Aku terpaksa mengalah pada bocah ini, aku mengikutinya keluar dari masjid. Ia menunjuk seorang wanita paruh baya. Ibu! Aku akhirnya berjalan ke arah ibuku, aku tak menghiraukan Nurdin yang menatapku kesal karena meninggalkannya begitu saja. Aku lupa, hanya sedikit orang saja di kampung ini yang mengenali ibuku karena memang ibuku jarang berinterkasi dengan penduduk kampung, ia harus bekerja keras dari pagi sampai sore sehingga tak memiliki waktu untuk berinteraksi dengan penduduk kampung bahkan dengan keluarga.
"Bunda, ada apa?" Aku mengulang pertanyaanku yang tadinya kutanyakan pada Nurdin, kepada ibuku.
"Kita harus pulang, Adi."
"Iya, Bunda."
Aku berjalan mengiringi ibuku, ia berjalan dua langkah di depanku. Lagi-lagi tak ada obrolan yang tercipta, hening sepanjang jalan. Tak ada suara kecuali suara air yang mengalir di parit sebelah jalan. Udara masih saja segar, terasa sejuk dan dingin.
Kami berdua sampai di depan pintu rumah, aku masih tenggelam dalam lamunan yang berisi tentang pertanyaan apa definisi perkataan imam Abdul Kadir barusan.
"Adi, ayo masuk." Titah ibuku menyadarkanku dari lamunanku.
"Iya, Bunda." Jawabku seraya masuk ke dalam rumah.
"Ini, Bunda masakin telor dadar, nanti dimakan, ya."
"Ya, Bunda."
"Bunda harus cepat-cepat bekerja. Jadi, Adi kerjain kerjaan rumah. Cuci piring, nyapu rumah, mengepel, mengelap kaca dan lain-lain, paham?!"
"Paham, Bunda."
"Nanti kalau sudah selesai semua langsung mandi dan makan. Berangkat ke sekolah, jangan main-main ke mana!"
Titah ibuku selalu saja bermacam-macam, banyak dan melelahkan. Aku terkadang mengeluh dalam hati, tetapi peluh keringat ibuku saat pulang bekerja di sore hari selalu saja menyadarkanku bahwa pekerjaannya jauh lebih berat dariku. Tangan yang memerah dan bekeriput bekas menggosok baju langganannya selalu membuatku terhenyak dan menahan lisanku untuk tidak protes akan pekerjaanku, karena delapan tahun aku hidup di desa ini tidak pernah menjumpai anak seumurannku yang mengurusi semua pekerjaan rumah sepertiku.

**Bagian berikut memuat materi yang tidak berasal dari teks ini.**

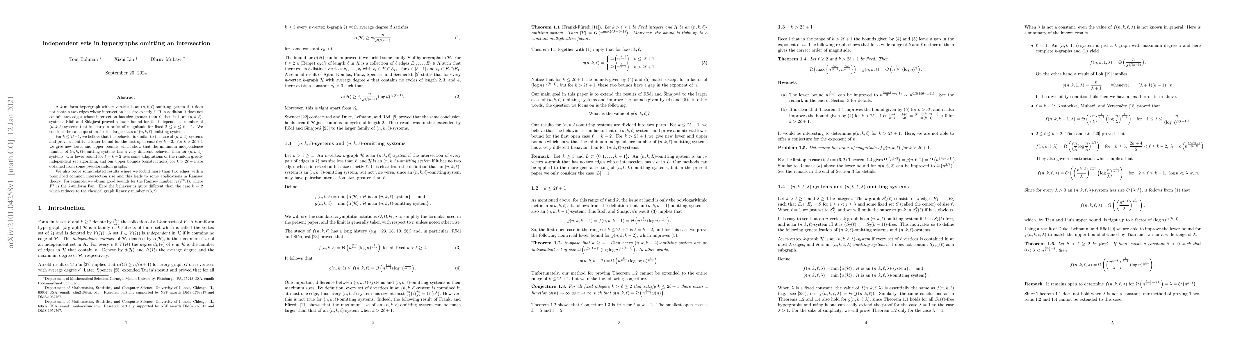 A $k$-uniform hypergraph with $n$ vertices is an $(n,k,\ell)$-omitting system if it does not contain two edges whose intersection has size exactly $\ell$. If in addition it does not contain two edges whose intersection has size greater than $\ell$, then it is an $(n,k,\ell)$-system. R\"{o}dl and \v{S}i\v{n}ajov\'{a} proved a lower bound for the independence number of $(n,k,\ell)$-systems that is sharp in order of magnitude for fixed $2 \le \ell \le k-1$. We consider the same question for the larger class of $(n,k,\ell)$-omitting systems. For $k\le 2\ell+1$, we believe that the behavior is similar to the case of $(n,k,\ell)$-systems and prove a nontrivial lower bound for the first open case $\ell=k-2$. For $k>2\ell+1$ we give new lower and upper bounds which show that the minimum independence number of $(n,k,\ell)$-omitting systems has a very different behavior than for $(n,k,\ell)$-systems. Our lower bound for $\ell=k-2$ uses some adaptations of the random greedy independent set algorithm, and our upper bounds (constructions) for $k> 2\ell+1$ are obtained from some pseudorandom graphs. We also prove some related results where we forbid more than two edges with a prescribed common intersection size and this leads to some applications in Ramsey theory. For example, we obtain good bounds for the Ramsey number $r_{k}(F^{k},t)$, where $F^{k}$ is the $k$-uniform Fan. Here the behavior is quite different than the case $k=2$ which reduces to the classical graph Ramsey number $r(3,t)$.

Ibuku berangkat kerja dengan becak peninggalan ayahku, aku memperhatikannya sampai menghilang dari cakrawala penglihatanku. Aku segera melaksanakan titah ibuku, mencuci piring, menyapu rumah, mengepel, mengelap kaca, plus aku menyeterika dan melipat baju karena waktu masuk kelas masih sangat lama. Gerak gesitku menyelesaikan semua pekerjaan dalam waktu yang singkat-gerak gesitku hanya dalam hal ini karena setiap hari aku mengerjakannya.
Aku langsung mandi setelah semua tugas selesai, semua anggota tubuhku kubersihkan supaya segar dan tidak mengantuk di kelas nanti. Selesai mandi aku segera menghidangkan telor dadar yang sudah dingin di atas piring kaca yang masih berbau sabun ekonomi karena baru saja kucuci. Aku juga meletakkan nasi putih dari rice cooker, nasinya masih panas, mungkin ibuku memasaknya sebelum berangkat ke masjid tadi.
Setelah selesai mandi dan makan aku berangkat ke sekolah, jaraknya lumayan jauh, namun bisa ditempuh dengan berjalan kaki, sehingga semua penduduk desa tak perlu diantar dengan kereta.
***
Suara lonceng terdengar gagah, pertanda waktu pelajaran ke lima telah habis. Guru pelajaran bahasa indonesia yang sedang mengajar di kelas kami terpaksa mnghentikan pejelasannya, ia menandai bukunya lalu mengucapkan salam dan pergi.
Satu menit berlalu, guru sejarah islam pun masuk ke kelas kami, ia duduk dan mengucapkan salam. Dengan lihai ia membuka buku absen dan memanggil nama kami satu-persatu, semua hadir, tak ada seorang pun yang memiliki halagan sehingga tak bisa datang ke sekolah. Pelajaran sejarah islam telah selesai, semua bab di buku tebal itu telah semua kami pelajari. Guru tersebut lebih memilih untuk meberikan motivasi daripada diam tak melakukan apa-apa.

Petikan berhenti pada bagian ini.